::: DATA SEGMENT :::

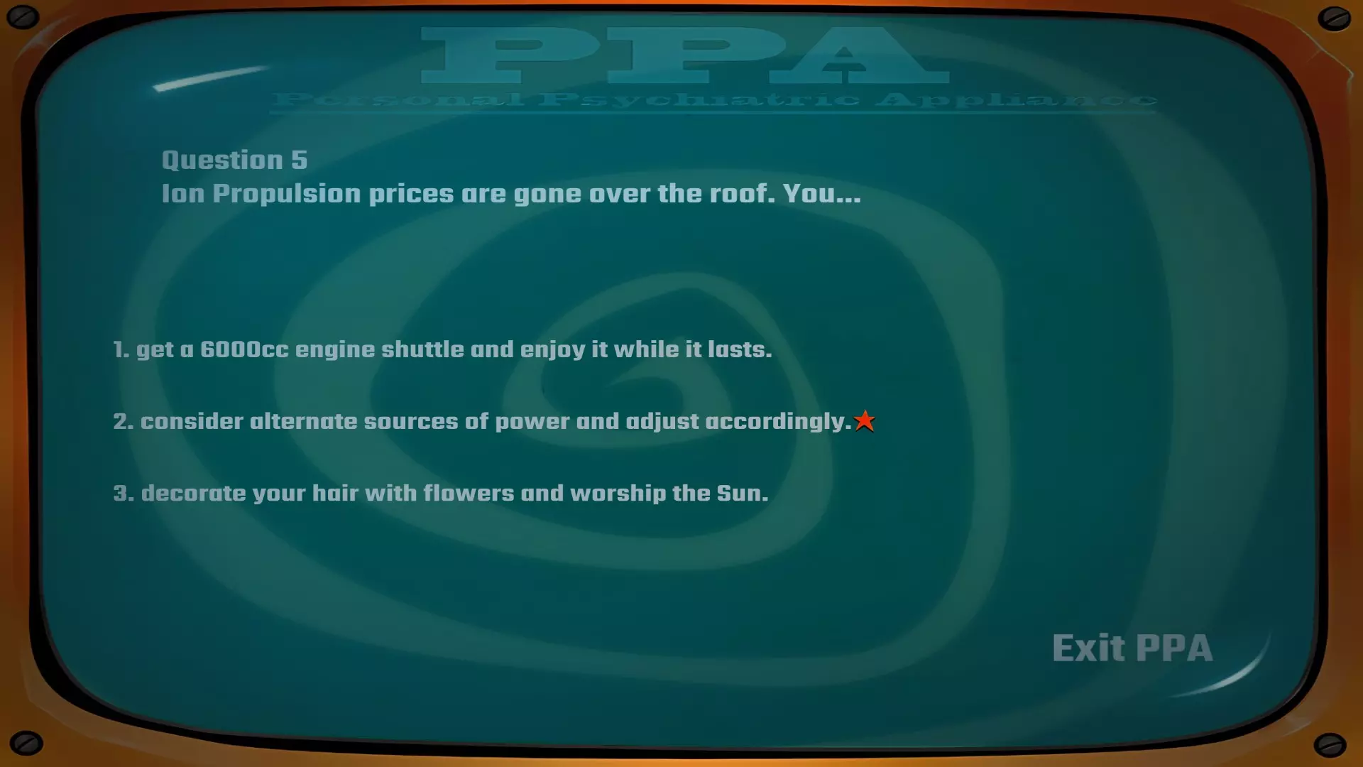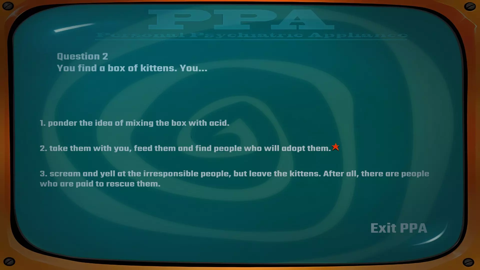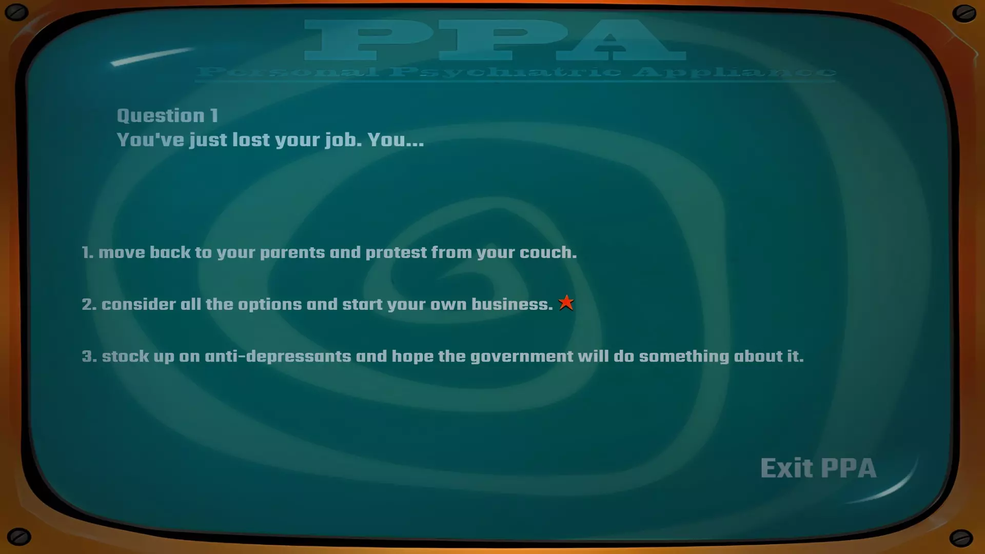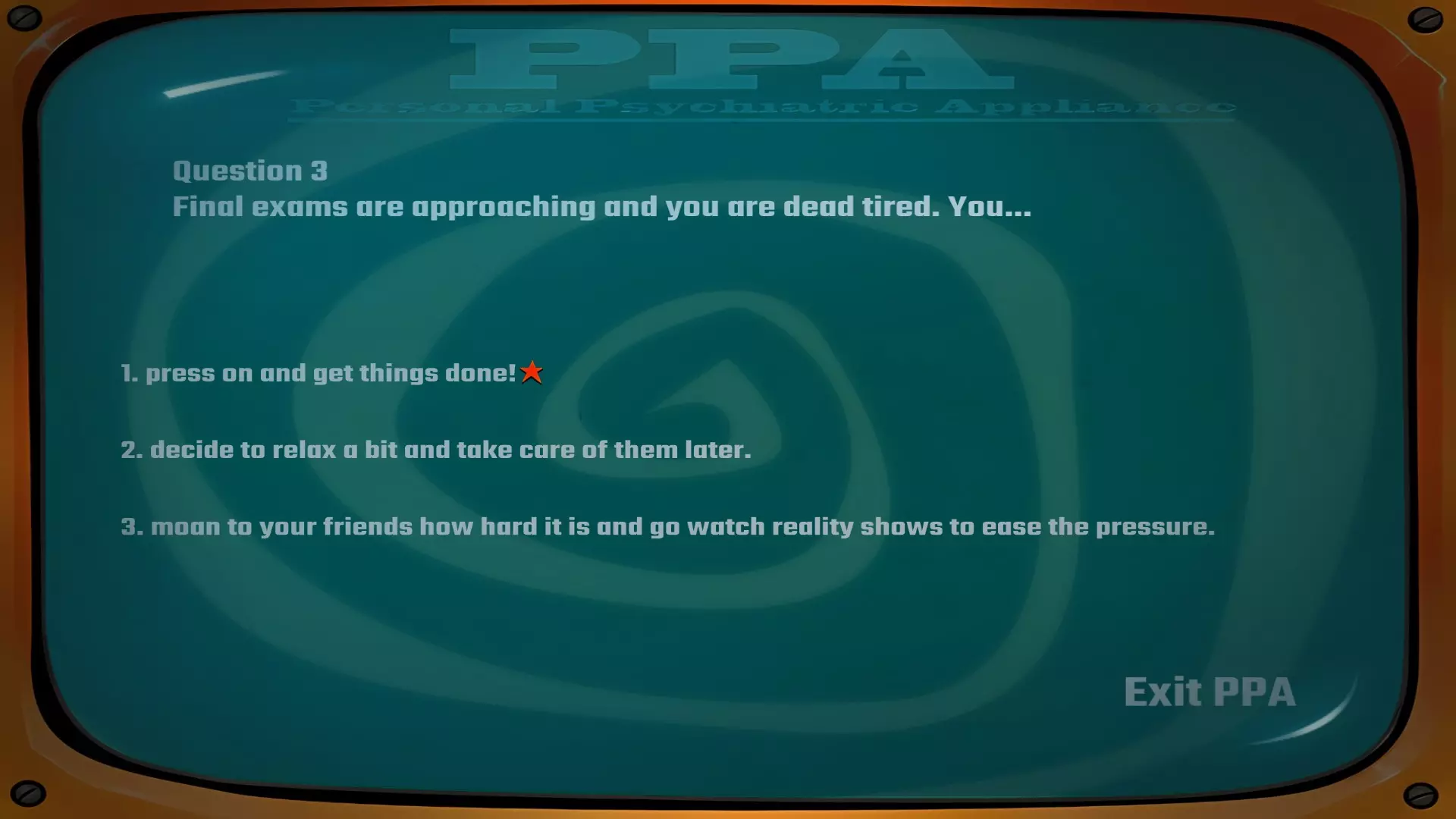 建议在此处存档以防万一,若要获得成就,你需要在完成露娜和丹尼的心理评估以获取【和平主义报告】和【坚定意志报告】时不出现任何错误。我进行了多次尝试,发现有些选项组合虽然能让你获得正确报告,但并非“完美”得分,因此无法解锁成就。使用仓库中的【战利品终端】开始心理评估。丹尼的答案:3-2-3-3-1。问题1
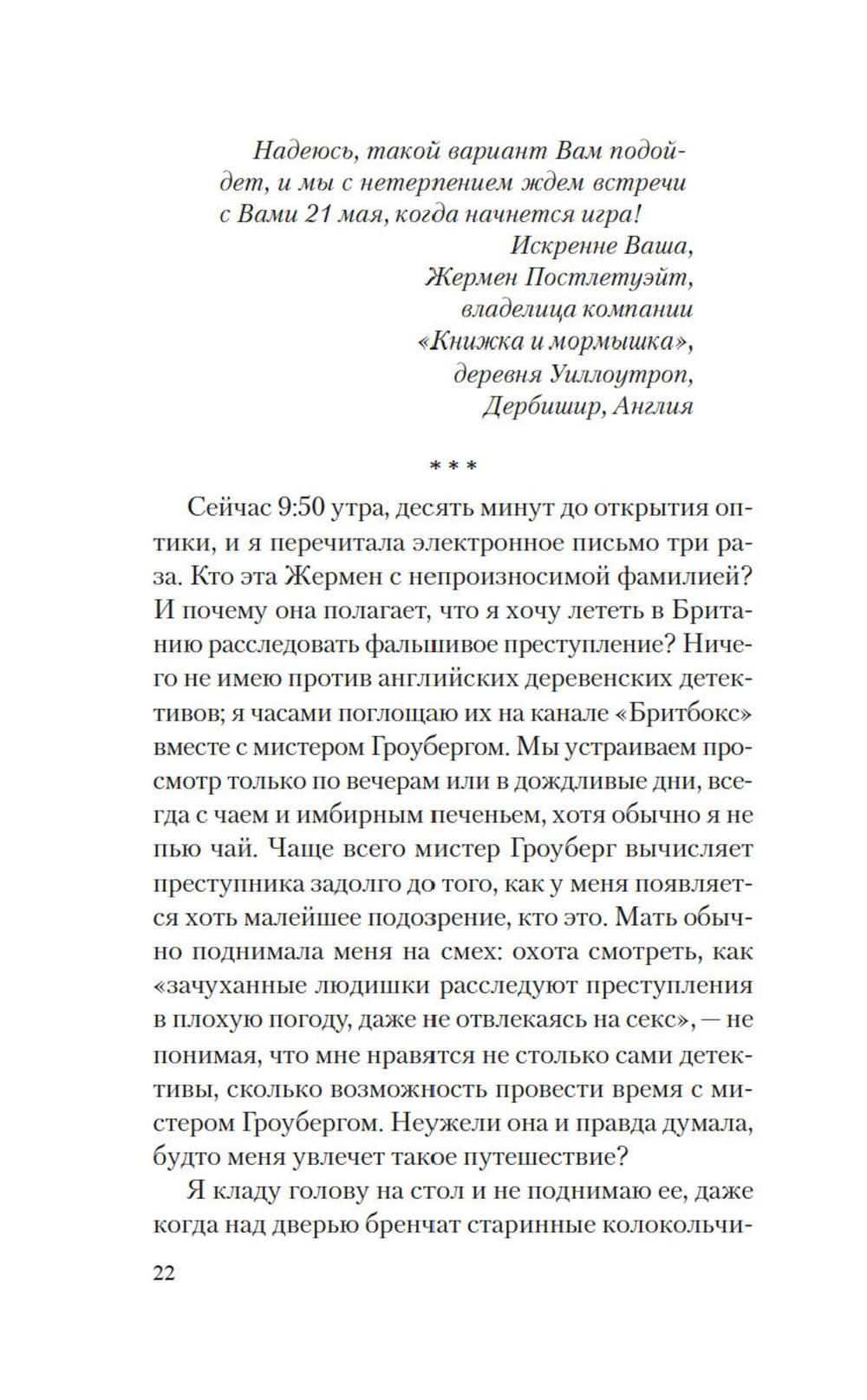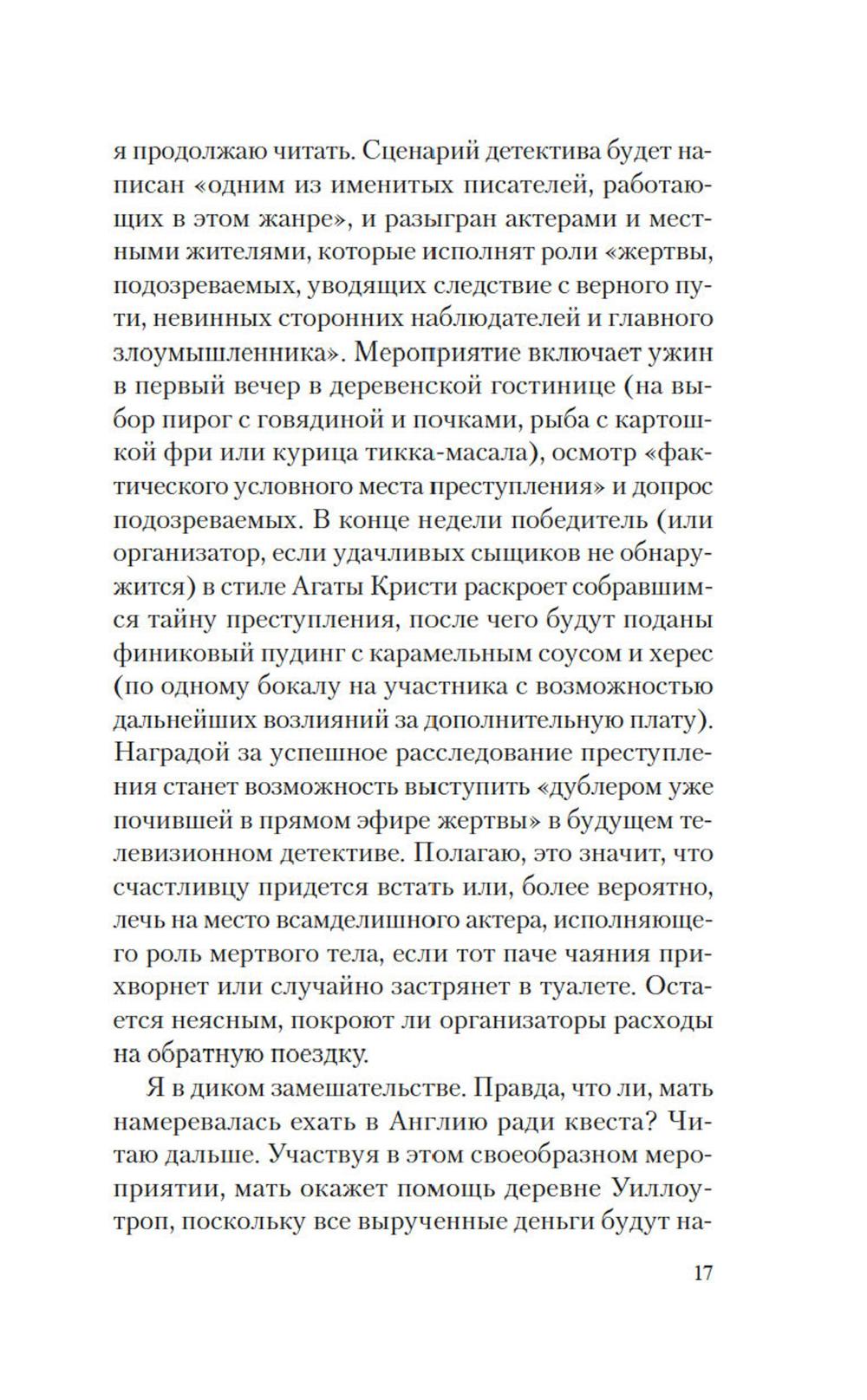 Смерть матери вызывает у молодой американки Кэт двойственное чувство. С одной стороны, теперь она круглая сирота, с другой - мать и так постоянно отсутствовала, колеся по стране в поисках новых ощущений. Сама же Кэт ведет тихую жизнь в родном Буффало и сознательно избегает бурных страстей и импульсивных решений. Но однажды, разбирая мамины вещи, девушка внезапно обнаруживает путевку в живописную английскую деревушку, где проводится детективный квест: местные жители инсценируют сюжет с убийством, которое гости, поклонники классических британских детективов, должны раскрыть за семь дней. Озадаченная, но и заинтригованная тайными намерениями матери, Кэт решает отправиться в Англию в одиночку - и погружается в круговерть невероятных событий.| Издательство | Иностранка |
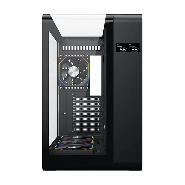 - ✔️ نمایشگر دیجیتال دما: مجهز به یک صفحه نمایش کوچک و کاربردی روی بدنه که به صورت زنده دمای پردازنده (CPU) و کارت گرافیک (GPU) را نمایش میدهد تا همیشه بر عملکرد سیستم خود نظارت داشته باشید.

:::

**INSTRUCTIONS FOR THE TASK**. Please copy the lines above exactly as written, apart from any pictures.

**OUTPUT BELOW**.
 建议在此处存档以防万一,若要获得成就,你需要在完成露娜和丹尼的心理评估以获取【和平主义报告】和【坚定意志报告】时不出现任何错误。我进行了多次尝试,发现有些选项组合虽然能让你获得正确报告,但并非“完美”得分,因此无法解锁成就。使用仓库中的【战利品终端】开始心理评估。丹尼的答案:3-2-3-3-1。问题1
 Смерть матери вызывает у молодой американки Кэт двойственное чувство. С одной стороны, теперь она круглая сирота, с другой - мать и так постоянно отсутствовала, колеся по стране в поисках новых ощущений. Сама же Кэт ведет тихую жизнь в родном Буффало и сознательно избегает бурных страстей и импульсивных решений. Но однажды, разбирая мамины вещи, девушка внезапно обнаруживает путевку в живописную английскую деревушку, где проводится детективный квест: местные жители инсценируют сюжет с убийством, которое гости, поклонники классических британских детективов, должны раскрыть за семь дней. Озадаченная, но и заинтригованная тайными намерениями матери, Кэт решает отправиться в Англию в одиночку - и погружается в круговерть невероятных событий.| Издательство | Иностранка |
 - ✔️ نمایشگر دیجیتال دما: مجهز به یک صفحه نمایش کوچک و کاربردی روی بدنه که به صورت زنده دمای پردازنده (CPU) و کارت گرافیک (GPU) را نمایش میدهد تا همیشه بر عملکرد سیستم خود نظارت داشته باشید.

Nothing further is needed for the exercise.